One stumbling block, however, is that many of my students lack access to a device at home that can be used to access many of these applications that are available. Some own phones, but most have limited data or the phones are too small to be productive for the entire scope of services. I am working on finding grants to expand an exciting project. My goal here is to increase students usage of the public library by allowing them to check out Amazon Fire tablets from me and use them at school to download books, movies, and music that they could then access at home even if they lack WiFi. If after hours they need services, they could connect to family WiFi, or could access the school’s WiFi from outside the building. I have collected some initial data and enough Fires and iPads to launch the instruction with my most reluctant readers, seventh and eighth grade students. I am keeping my fingers crossed that I find donors willing to donate enough money to offer these students the devices for check out.
How wonderful if the library endowment could help fund innovative programs like the one here at my elementary school! Keep in mind that the overwhelming majority of school libraries lack the resources to replicate what I’m doing here. I still don’t have enough. And the resources I have I really had to scramble to find. Not every school librarian has the skills and time to draw small grants as I did through the DonorsChoose.org site. The endowment could help augment scarce tax money. Among other things, it could help pay for badly needed renovations of the kind that my school was lucky enough to be able to enjoy with a grant from the Donner Foundation. See the video below to understand what a difference more funds can make in the lives of children. It is amazing to watch how suddenly their library had become so much more inviting as a place to read and learn!

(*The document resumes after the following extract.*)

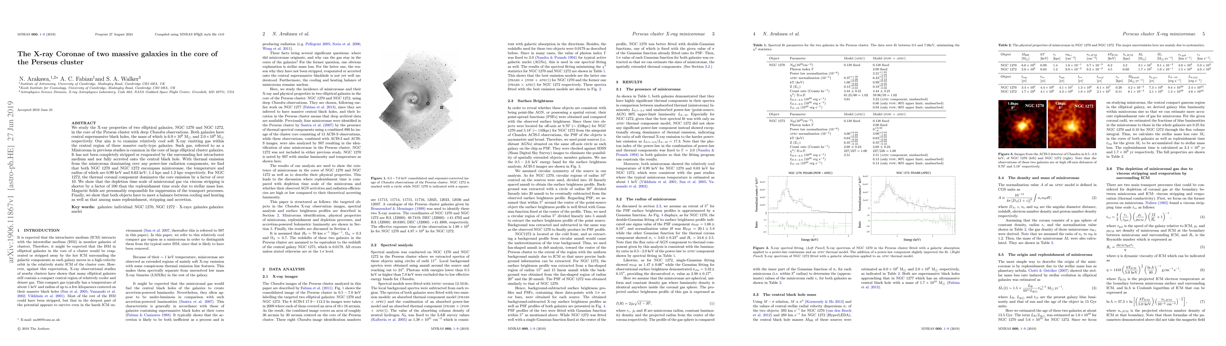 We study the X-ray properties of two elliptical galaxies, NGC 1270 and NGC 1272, in the core of the Perseus cluster with deep Chandra observations. Both galaxies have central supermassive black holes, the mass of which is $6.0 \times 10^{9}$ M$_{\odot}$ and $2.0 \times 10^{9}$ M$_{\odot}$ respectively. Our aim is to examine relatively cool soft X-ray emitting gas within the central region of these massive early-type galaxies. Such gas, referred to as a Minicorona in previous studies is common in the core of large elliptical cluster galaxies. It has not been completely stripped or evaporated by the surrounding hot intracluster medium and nor fully accreted onto the central black hole. With thermal emission from the minicorona dominating over any power-law radiation components, we find that both NGC 1270 and NGC 1272 encompass minicoronae, the temperature and radius of which are $0.99$ keV and $0.63$ keV; $1.4$ kpc and $1.2$ kpc respectively. For NGC 1272, the thermal coronal component dominates the core emission by a factor of over 10. We show that the depletion time scale of minicoronal gas via viscous stripping is shorter by a factor of $100$ than the replenishment time scale due to stellar mass loss. Magnetic fields are presumably responsible for suppression of the transport processes. Finally, we show that both objects have to meet a balance between cooling and heating as well as that among mass replenishment, stripping and accretion.

For school librarians, I have become active on many fronts but truthfully don’t have a clear plan on how to best call attention to our plight. Recently I read a study by a famous think tank regarding the changes in the form and function of public libraries. What I found most stunning is that a key component was never mentioned—how will the public learn to navigate these services? As Web applications become more complicated and wider in range, how can we ensure that the public knows what is available and that they have the skills and confidence to use it? Our children need librarians in their schools. They need to learn how to find, use, and evaluate resources. If they don’t, they may never know that feeling of empowerment, or the important role libraries play in our community in fostering lifelong learning and providing free information to all citizens regardless of their status or ability. A national library endowment could help address those issues.
Libraries are changing to meet modern demands, but the need will always exist for well-staffed school libraries, on site and well integrated with the rest of the schools. The benefits are already well known in areas ranging from reading abilities to test scores and general scholastic achievement. If enough public money won’t be available, we must come up with other ways to preserve and protect our K-12 and public libraries. LibraryEndowment.org’s efforts to find new paths for funding are exciting. Philanthropists and others in a position to make a difference need to understand the harm that underfunding of libraries will do to us as a society in the long run.